- Pitcher
- Born: December 3, 1951 (age 74) Rock Hill, South Carolina, U.S.
- Batted: BothThrew: Left

MLB debut
- July 24, 1975, for the Milwaukee Brewers

Last MLB appearance
- September 10, 1975, for the Milwaukee Brewers

MLB statistics
- Win–loss record: 0–2
- Earned run average: 7.71
- Strikeouts: 7
- Stats at Baseball Reference

Teams
- Milwaukee Brewers (1975);

= Lafayette Currence =

American baseball player (born 1951)

Delancey Lafayette Currence (born December 3, 1951) is a former professional baseball pitcher. He played in Major League Baseball for the Milwaukee Brewers during the 1975 season.

Currence pitched for Emmett Scott High School in Rock Hill and was signed as a free agent in 1970 by the Pittsburgh Pirates. In 1973, he was traded to the Milwaukee Brewers for Greg Erardi, and he pitched in the Class A Midwest League's 1974 All-Star Game representing the Danville Warriors, a Brewers affiliate. That season, he led the Midwest League in strikeouts, fanning 184 batters in 191 innings, and racked up a 15–6 record with an ERA of 2.73.
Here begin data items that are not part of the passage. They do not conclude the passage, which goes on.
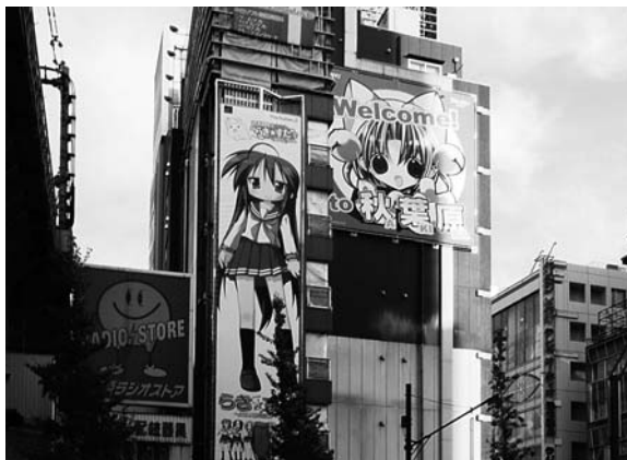
Fig. 3: Otaku icons

From an architectural stand point, this may seem like it had only to do with the content of posters and such advertisements. Not so. To show you in comparison, we shall now take a look at another subcentre in Tokyo; Shibuya, which is located on the opposite side of the circle line. Shibuya, as opposed to Akihabara, is more a general commercial district, with department stores, boutiques, and restaurants. And when we look at these commercial buildings, we notice that they are becoming more and more transparent. This is an extension of modernism. A eurocentric, global trend in architecture.
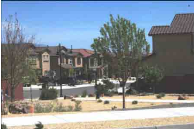
Integrating pedestrian connections at the bulb of a cul-de-sac promotes a walkable environment.
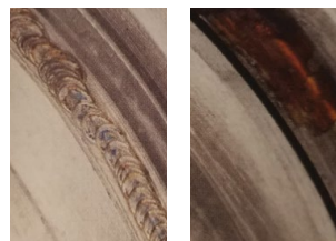
Third-party repair Improperly applied weld seam and/or use of adhesive resulting in poor or nonexistent sealing
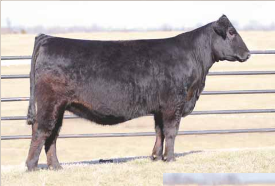
LOT 76 AUTO Spotlight 413Y
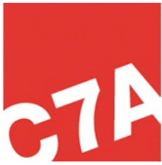
Cambridge Seven Associates, Inc. http://www.c7a.com/
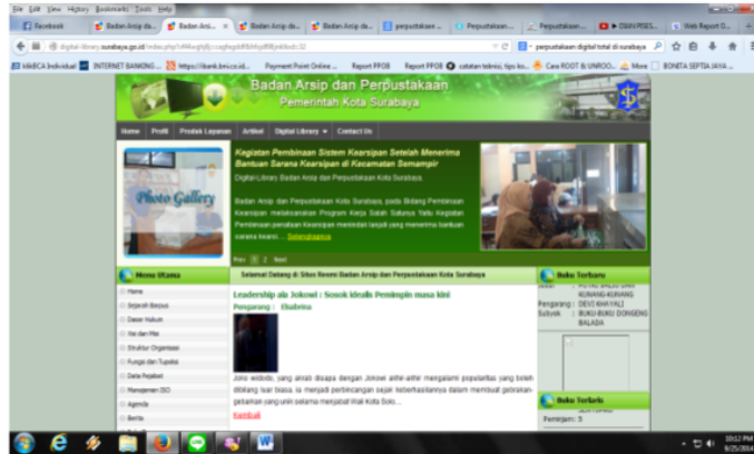
Fig 1: The “best seller”Page
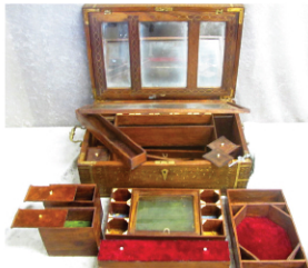
19c Traveling Box
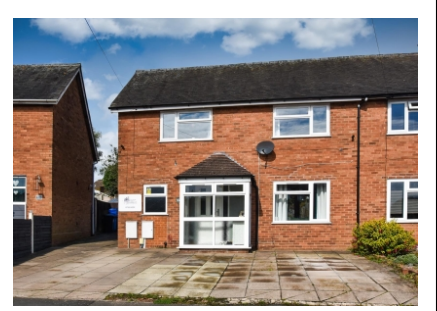
69 Oak Road, Brewood, Stafford
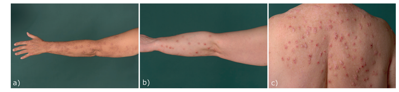
Fig. 3. Example of the evaluation of the proportion of excoriated nodules vs non-excoriated nodules: (a) few, (b) moderate, (c) many.

All data analyses were performed with SPSS 25 (Statistical Package for the Social Science) and p -values < 0.05 were considered significant.

Currence pitched at the Major League level with the Brewers in 1975 in eight games, making one start, wearing #20. He was called up from the Brewers' AA level Eastern League team, the Thetford Mines Miners in Thetford Mines, Quebec when pitcher Ed Sprague, Sr. was put on the 60-day disabled list in July 1975. Currence started the next season with the Spokane Indians, the Brewers' AAA farm club in the Pacific Coast League, and split time that season between Spokane and the Berkshire Brewers, the new Brewers' AA Eastern League farm team. His career in organized baseball ended with 4 games at the AA level in the Eastern League with the Holyoke Millers (the third Brewers-affiliated AA Eastern League location in three years) in 1977. The Brewers released him after he was diagnosed with tendonitis in his pitching arm. He attempted to keep in shape by playing amateur baseball in Rock Hill but was unable to return to professional baseball.

Currence was named to the York County (South Carolina) Sports Hall of Fame in 2011.